Ben Türkiye'nin tamamen yeni şartlar altında, yeni bir kimlik arayışı süreci içinde bulunduğunu düşünüyorum. Mevcut yapı Türkiye'de biraz da dış parametrelerin etkisi ile oluşturuldu. Dışarıdan baktığımızda ilginç bir tablo görüyoruz. İslami olarak tanımladığımız bir parti Türkiye'nin demokratik dönüşümünde öncülük rolüne soyunurken, Cumhuriyetçi bir parti otoriter sürecin devamından yana bir pozisyona konuşlanıyor. Bu ilginç bir çelişki. Halbuki batı kültüründe laiklik ve demokrasi birlikte yaşayabilirken, Türkiye'de buna direnç olduğunu görüyoruz. Laik olduğunu kaydeden çevreler, demokratikleşmeyi sınırlandırmaya çalışıyor.
Türkiye'nin dünyadaki değişime adapte olacağına inanıyorum. AB üyeliği gerçekçi olsa idi, bu daha hızlı bir şekilde başarılabilirdi. Doğu Avrupa ülkeleri bu süreci daha sancısız bir şekilde gerçekleştirdi. Tabi Avrupa Müslüman ve dev nüfuslu bir ülkenin tam üye olmasından korkuyor. Avrupa'da da bu konuda çelişki var. Demokrasi kavramının, dinle sorunu Avrupa'da çoktan aşılmıştı. Türkiye, farklı siyasi görüşlerin bulunduğu bağımsız bir ülke. Yol ayrımında bulunuyor. Bu farklılıklar avantaja da, engellere de dönüşebilir.

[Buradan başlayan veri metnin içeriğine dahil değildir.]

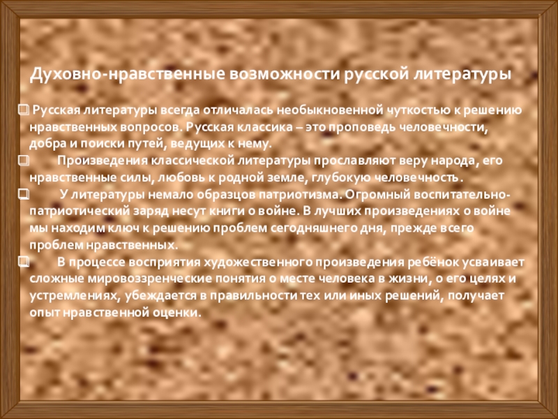 решению нравственных вопросов. Русская классика – это проповедь человечности, добра и поиски путей, ведущих к нему.
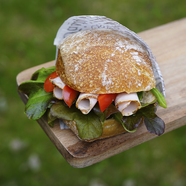 Sämpylä, jossa täytteenä kinkku, paprika sekä raikas salaatinlehti.
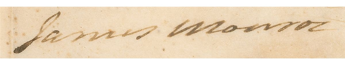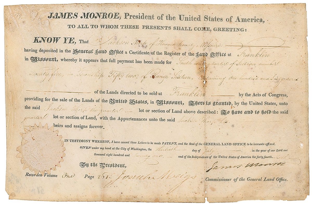 Partly-printed DS as president, one page, 13 x 8.75, July 30, 1821. President Monroe grants Jackson Thorp 160 acres of land in Missouri. Signed at the conclusion by Monroe and countersigned by Commissioner of the General Land Office Josiah Meigs. Document is affixed to a slightly smaller piece of cardstock. Intersecting folds, some scattered light paper loss, mainly to a vertical fold, trimmed edges, and scattered toning and foxing, otherwise very good condition. The seal is toned and slightly worn, but intact.

Rusya'nın bilinci Batı merkezli. Batılı demiyorum, Batı merkezli. Biz Batı'nın yanlışlarını görebiliriz, eleştiririz, öfkelenebiliriz, ancak yüzümüz hep Batı'ya dönük. Türkiye ile ilgili ciddi anlamda bilgi eksikliğimiz var. Tarihte yaşadığımız olumsuz olayları iyi biliyoruz. Geçmişe ait, asırlarca süren ilişkiler günümüzün gerçeklerini gölgeliyor. Önümüzde önemli hedefimiz var; Rusya Türkiye ile ilgili bilgisini çoğaltmalı. Türkiye de Rusya'yı artık daha iyi anlamalı.
Bence ikili ilişkilerde sevgi, kardeşlik ve dostluk tanımlarını bir kenara bırakmak gerekiyor. Bunları yöneticiler dillendirebilir. Ne kadar az duygu olursa o kadar başarı olur. İki ülkenin ulusal önceliklerini tanımlama da sorunları var. Entelektüel alanda diyalog oluşturulması gerekiyor. Bu resmi olanın dışında geliştirilmeli. Türk ve Rus aydınları ile yılda bir ya da iki kez bir araya gelerek birbirini anlamaya çalışmalı. Bunun tüm Avrasya coğrafyası için önemli olacağını düşünüyorum.